What has followed is a spate of announced asset sales, lay-offs, downsizings, and credit downgrades that is far from over. Companies have become more introspective, assessing core strengths and possible liabilities. In most cases, the first business area under attack was energy trading—in particular, trading of the speculative kind. Speculators and market-makers who once rode high as the wild cowboys of the energy frontier were now the suspected criminals of what was perceived by many as a grossly unlawful market.

As the investigations expanded, El Paso Corp., Houston, and a handful of California power generators came under fire for allegedly manipulating natural gas and power prices, respectively, by withholding capacity during the 2000-01 California energy crises. In addition, the price reporting methodology of market observers such as Platts was investigated in the wake of wash trading and subjective price reporting scandals by market participants. This alleged misbehavior resulted in an investigation by the Federal Energy Regulatory Commission and has renewed the national debate over the desirability of energy market deregulation and its ability to limit profit incentives created by loopholes and market manipulation.

This push for more-rigorous market monitoring by FERC's newly created Office of Market Oversight and Investigations (OMOI) has instilled fear in many energy companies. What began as company introspection has turned into a virtual clampdown, not only on external information exchanges, but also with regard to the very role of trading in diversified business models.

The somewhat symbiotic power and natural gas industries are facing Herculean challenges created by the developments of the past 12 months. There are many issues facing the markets over the near-to-long-term, but the following are among the most critical.

Credit crunch, irrational exuberance backlash

After Enron virtually killed the highly leveraged business model overnight and investment banks have strongly reevaluated their lending practices to the US power and natural gas industries, to say that credit has become scarce would be a gross understatement. In fact, the well is bone dry. Leveraged power companies are trimming assets and cutting out all the fat from their diversified operations in everything from trading desks to European subsidiaries.

In the free-money environment of a few years ago, power plant projects had been relatively easy to finance with 80:20 debt-to-equity ratios. This period of plentiful capital led to a generation capacity construction boom and "irrational exuberance," in which combined-cycle gas turbines were going up at rapid speed nationwide and stock prices of companies such as San Jose, Calif.-based Calpine Corp. and Arlington, Va.-based AES Corp. blossomed.

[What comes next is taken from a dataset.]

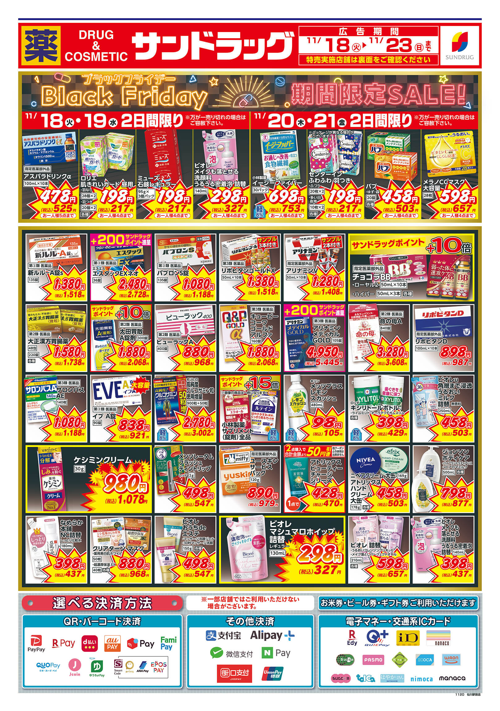iD、nanaco、楽天Edy、QUICPay+、WeChat Pay、ALIPAY、PayPay、auPAY、クオ・カードペイ、メルペイ、NAVER Pay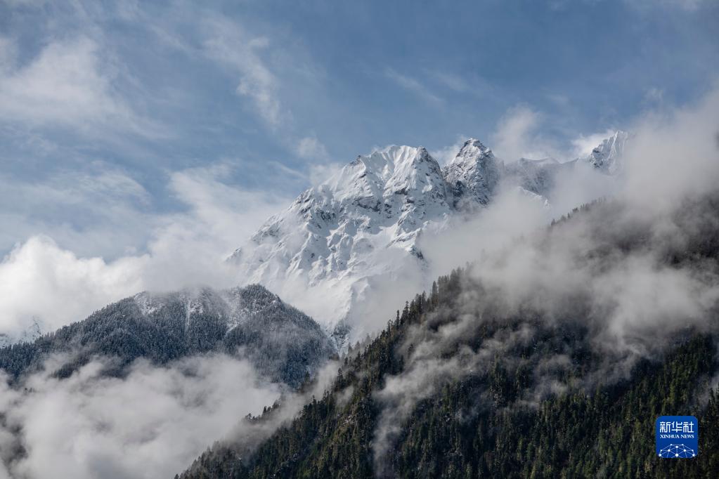 這是在波密縣拍攝的桃花掩映下的雪山(4月18日攝)。新華社記者 晉美多吉 攝

In the current climate, one of the only ways to secure project financing from the capital markets is with a long-term supply contract that guarantees a revenue stream. Until the electricity market design rules laid out in FERC's Standard Market Design (SMD) notice of proposed rulemaking (NOPR) are finalized, securing a long-term supply contract will continue to be a challenge.

Much of the power capacity built over the last few years received limited thought as to location or where a plant was in the transmission grid. As a result, many grassroots generating facilities were located close to a fuel source (e.g., gas pipeline) but far from demand in load pockets, where congestion can limit unit dispatchability. This, in turn, limits revenue streams and capital cost recovery for many who paid much too dearly for generation capacity during the industry boom.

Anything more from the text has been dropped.